After the Civil War, in which at least 6,00,000 Americans were killed, the 13th Constitutional Amendment ended slavery in 1865. And over the next five years, the 14th and 15th Constitutional Amendments also granted equal citizenship and voting rights to blacks. Between 1866 and 1876, black voter registration soared to 85-90 per cent, and many freed blacks held political office, not only in local governments but also in the US House of Representatives and US Senate.
This period of reform collapsed in 1877. Thereafter, the southern states took away the voting rights of most blacks. Black civil rights, including where they could live, pray, eat and drink, how they commuted and traveled, were racially reformulated. And in Plessy vs. Ferguson (1896), the Supreme Court argued that blacks and whites, being racially dissimilar, had drastically different traits, which justified racial segregation.
As if this was not enough, the lynching of black Americans — for crossing racially permissible boundaries of conduct — acquired deadly proportions. “Lynchings were more than executions,” writes the historian Richard White. “They were public spectacles that often took place before large crowds. White men tortured black men, dismembering, castrating, and burning them. Photographers memorialised the murders. The photographs, turned into postcards, sold widely.”
After decades of racial subordination, these inequities were legally removed between the mid-1950s to mid-1960s.

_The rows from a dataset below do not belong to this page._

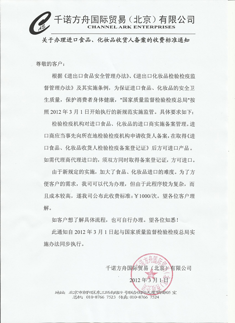 辦理進口食品、化妝品收貨人備案收費標準通知
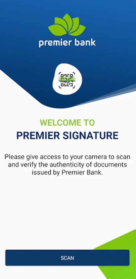 Premier Signature is a document verification application that enables you to verify the authenticity of the documents issued by Premier Bank, anywhere, anytime. The scan results are summarized into the key value of the verifiable information of the document.
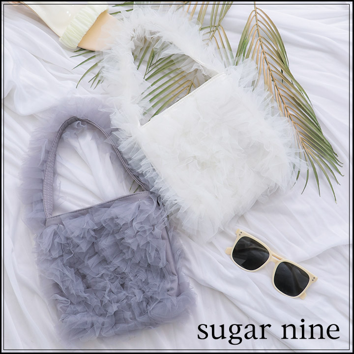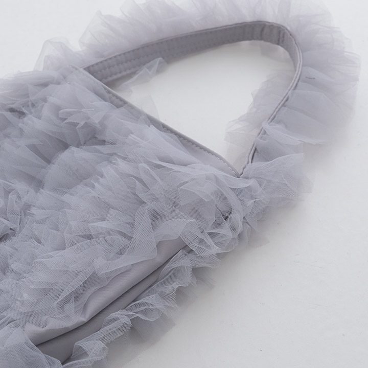 トレンドのチュール素材と、フリルデザインが可愛いミニバッグ
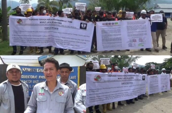Morowali Utara, batarapos.com – Tenaga Kerja Bongkar Muat (TKBM) Morut Jaya Sejahtera menggelar aksi damai di depan Kantor UPP Kelas III Kolonodale, Senin (8/12/2025) mulai pukul 10.00 WITA hingga selesai.
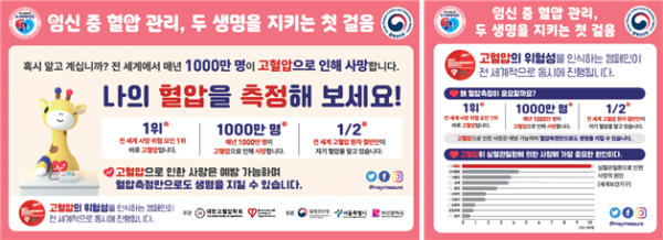 이에 올해는 여성, 특히 임신부의 심혈관 건강을 중점적으로 관리하고 임신 중 혈압 관리의 중요성을 널리 알리고자 임신부를 중점 홍보 대상으로 설정해, “임신 중 혈압 관리, 두 생명을 지키는 첫 걸음”이라는 슬로건 아래 혈압측정 및 건강상담을 제공하는 현장 캠페인을 진행한다.
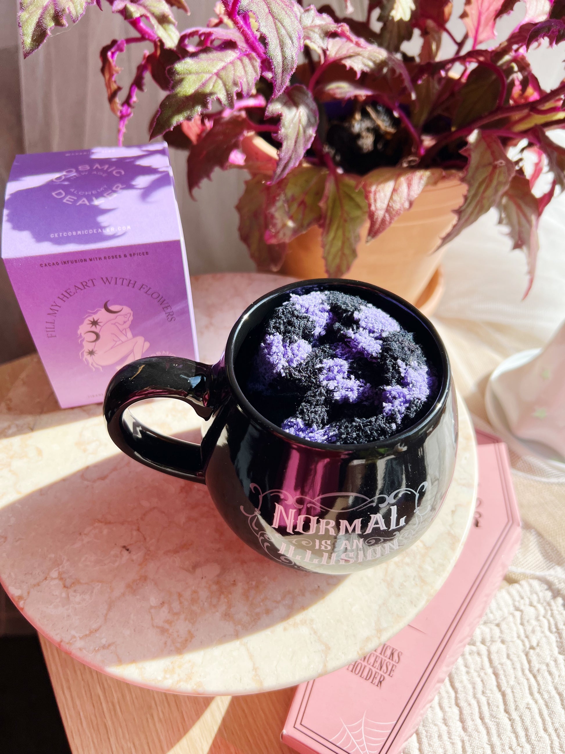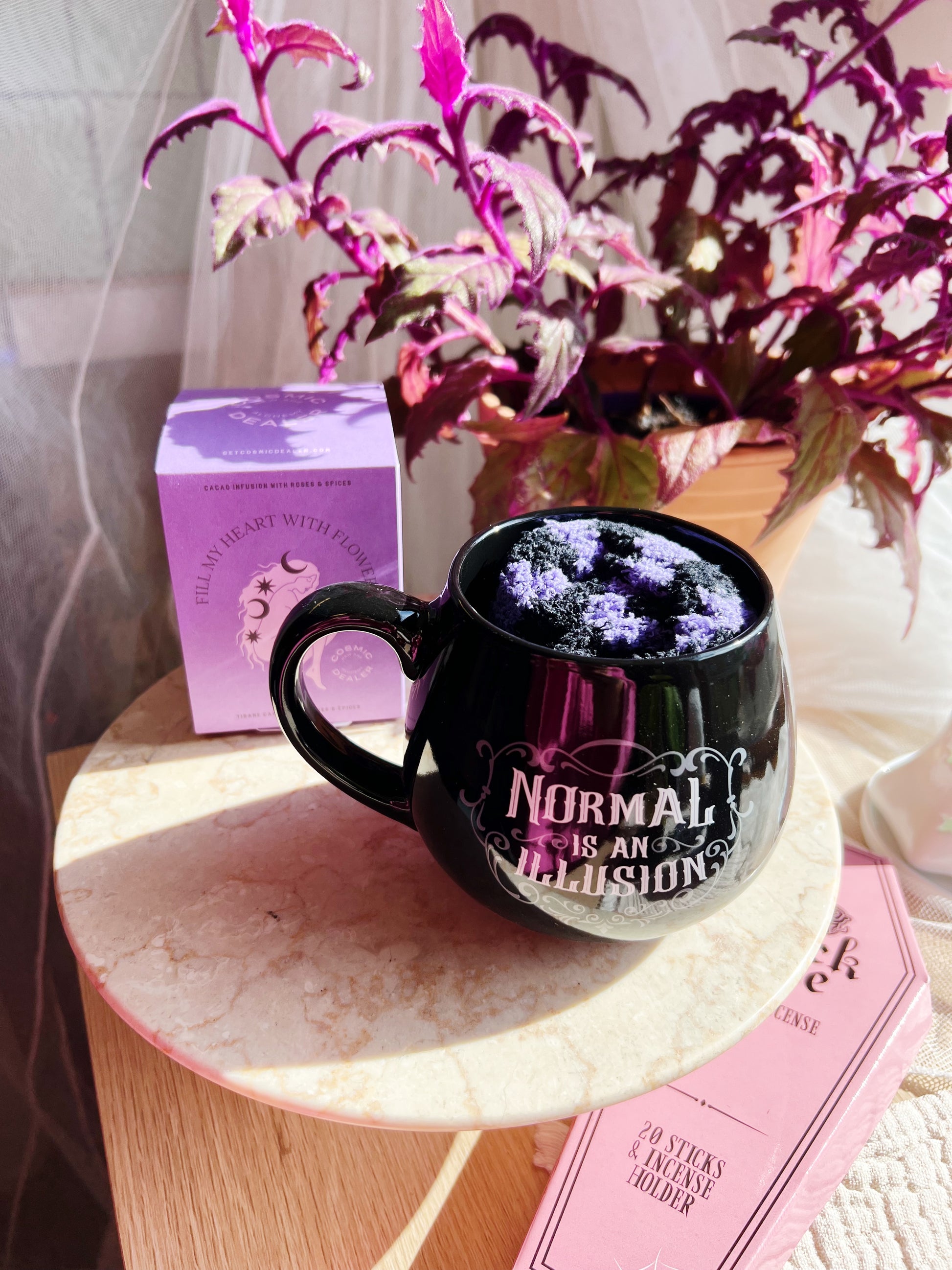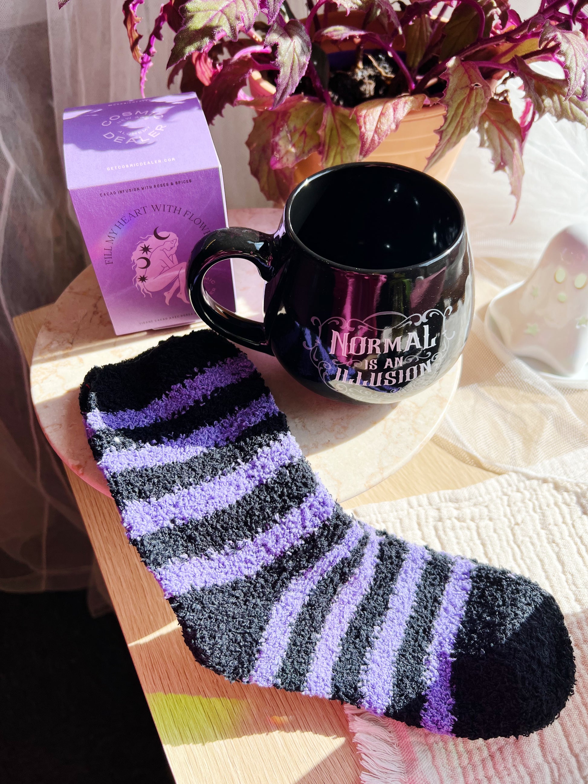 Varm opp selv det kaldeste, mĂžrkeste hjerte med dette herlige (og litt onde) gavesettet! Settet inkluderer et sort keramikkkrus med teksten "Normal is an Illusion" og et matchende par myke, fluffy sokker i svart og lilla striper.

But the legal reforms notwithstanding, economic gaps have remained awfully wide. Most of all, anti-black violence has not disappeared.Lynch mobs do not lynch with abandon any more, and old-style riots and pogroms have also disappeared, but police violence against African Americans has been endemic, and black incarceration has alarmingly increased. Blacks make up 12 per cent of America today, but constitute 38 per cent of the imprisoned population. Criminality is far too easily associated with blacks.
Racial violence by a largely white police force has also repeatedly gone unpunished. Police unions have been strong, and prosecutors and juries have often given the benefit of the doubt to police officers, accepting too readily their arguments about their last minute decision to pull the trigger.
In this interminable history of violence and suffering, the frightful killing of George Floyd has become a tipping point. To quote Claudine Gay, a leading scholar of US race relations: “We have been here before, too many times, and that familiarity is part of the heartbreak and outrage of this moment. …we are confronted again by old hatreds and the enduring legacies of anti-black racism and inequality.”
Just where is the country headed? Instead of calming anxiety, President Trump has intervened in a hugely partisan and provocative manner. When the right-wing militia, brandishing guns, entered Michigan’s state legislature last month, he called them “good people”. When some in the current agitation burned property, he called them “thugs’, threatening violence against all protestors. He draws no distinction between the many peaceful protestors and the few violent users of the protest. After a recent speech in which he said he would use the military if state governments failed to “dominate the streets”, he walked to a church next to the White House, holding the Bible in his hand. Instead of soothing the grieving black community, Trump in effect has launched his re-election campaign with the apparent calculation that racial polarisation, deepened by violence, and the support of evangelical Christians will facilitate his re-election. Guns and the Bible will define the election campaign.
The US seems to be headed for a tough and violent summer. And the pandemic, instead of waning, might also just rage on.